Why has generative AI become indispensable nowadays?
The generation of texts and the extraction of information from large heterogeneous databases in particular are increasingly being used in companies, but also by pupils and students. There are reports of efficiency gains in marketing, for example, or in simple programming tasks such as creating overview graphics for a company’s sales figures.
I see great potential in the area of scientific discovery, i.e. the support of scientific research, for example for the development of new medical agents or materials. Here it is worth putting a lot of effort into prompting and giving very detailed instructions, for example through so-called chain-of-thought prompting. Prompt chaining, i.e. step-by-step generation in individual steps, is also used to generate complex content as a co-creation process between humans and AI.
And where do the applications reach their limits?
You have to be aware that generated content can be incorrect. Whenever something is really important, human control is essential. For example, a Nature article from 2024 showed that large and instructable language models are less reliable.
In several benchmark datasets, incorrect output was produced for questions on geographical knowledge, scientific topics, but also for something supposedly simple like addition. The problem is that you can only check whether an output is correct once it has been generated. Large language models are not yet able to say “I’m not sure about this” or “I don’t know”. There are currently hardly any approaches for generative AI to better assess the reliability of generated output.
At bidt, you therefore consider trust to be an essential condition for the success of collaboration between humans and artificial intelligence. When do people trust AI?
Trust is a term that is defined in social psychology for interpersonal relationships. But we also recognise trust in institutions, such as the rule of law or the TÜV, in professional groups or even technologies. This refers to trust in their reliability. However, trust in generative AI is more complex than trust in the reliability of an email programme or an airbag control system. With these technologies, we have long experience of using them and have a mental model of what the system does. The mental model does not have to be technically correct, but it must enable us to assess the effect of an interaction with the system, what the system can and cannot do.
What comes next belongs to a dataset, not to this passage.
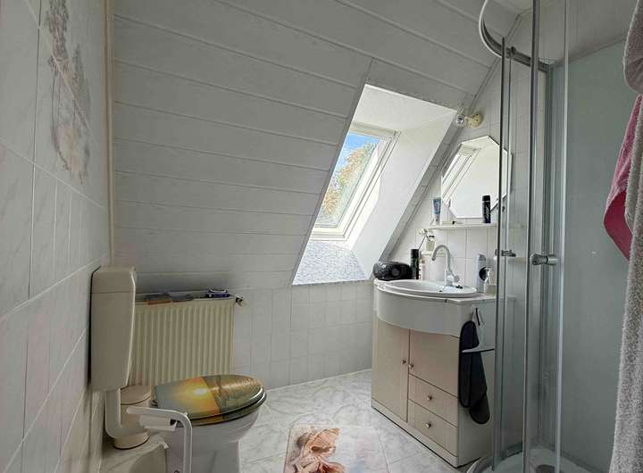 Das OG bietet einen Flur, Heizungsraum, Duschbad mit Fenster und zwei weitere Zimmer.

Most people know much less about AI than they do about a car. We know that a car can’t fly and we have hypotheses as to why the car won’t start. We have no comparable mental models and concepts for AI technologies. As a result, there are sometimes very misconceptions, for example that chatbots actually have an understanding of the object for which content is being generated.
Trust in AI systems can be viewed on different levels: Do we trust the underlying method, the provider, the expertise of the AI developers, the training data, the specific AI tool we use or the output generated for a specific prompt?
These complex levels of trust in generative AI are the subject of interdisciplinary research at bidt in the research focus area “Humans and Generative Artificial Intelligence: Trust in Co-Creation”. What questions are you dealing with exactly?
The research focus looks at the conditions for trust, in particular the necessary skills, evaluation criteria for the quality of generated content as well as technical, ethical and normative framework conditions. The process of co-creation is addressed from the perspectives of the production, interaction and reception of generated content. For example, the pAIrProg project, which I lead, is researching the topic of programme code generation.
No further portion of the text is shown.